The bathroom for some reason was behind the kitchen; I emerged from it in the pale blue dress I chose to stand next to Betty on her wedding day. Mark greeted me by the door of the shower, silently  proffering another mug. Mark opened his mouth to say something, but was disrupted when a loud thunk and Ben swearing “Damn coffee table!” interrupted us.

Ben appeared in the doorway to the kitchen, otherwise undamaged, and headed over to the coffee maker himself.
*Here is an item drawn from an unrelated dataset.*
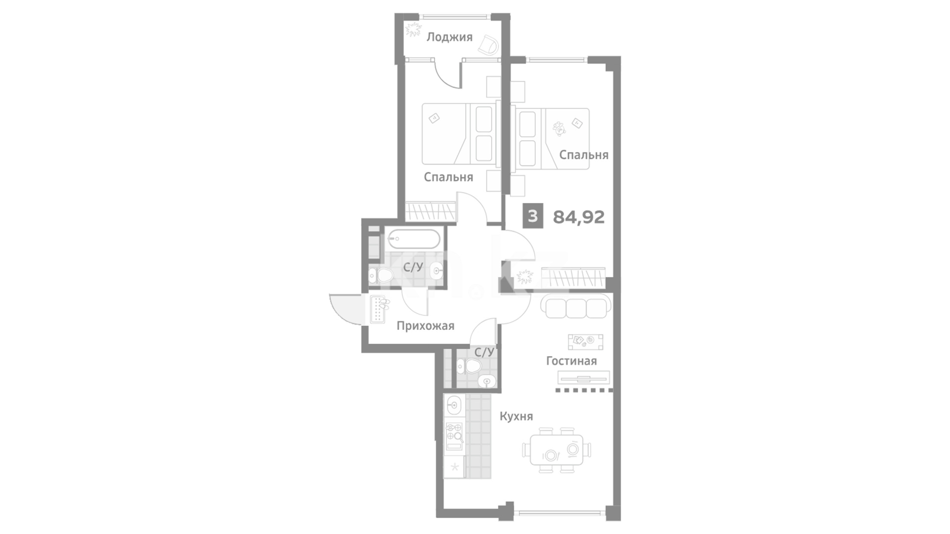 В комплексе представлены 1-, 2-, 3-комнатные квартиры площадью от 40 до 90 кв. метров.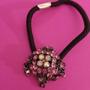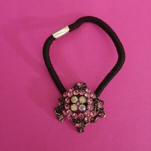 Fancy pink, gold multi color rhinestones with black elastic band to secure pony tail to stay into place.

Betty followed behind him, and we all stood agape. She looked amazing in a white skirt suit with white tights and black heels. A string of blue pearls at her neck perfected the look. 

I looked between Betty and Ben, and tried to suppress my eye roll at how they’d kept me up all night loudly rehearsing for their wedding night. They both looked flushed and satisfied – the kind of satisfied advertised by romance novels and De Biers commercials after a wedding.

“Get her fueled, Mark?” Bob asked, setting down his mug and straightening his tie. I didn’t bother glaring and I knew that Betty would kill me if I poured coffee on him right then. They had fought for hours over what he would wear to the wedding, and the white shirt and blue striped tie was the only alternative to his one man 1970s lifestyle theme.

In Bob’s mind, he was helping. He didn’t know that I managed to stumble to my day job before my first cup of coffee every single day without any assistance. Mark looked vaguely disappointed.  “One depth charge, and she shot through the shower before I could inhale.”

Bob grinned lecherously at me. “Aw, Mark, you missed a photo opportunity!”

This time I glared, and Mark deftly removed the mug from my hands before I could use it as a weapon. “Wedding!” I barked, and marched out the door to the car, grabbing my coat on the way.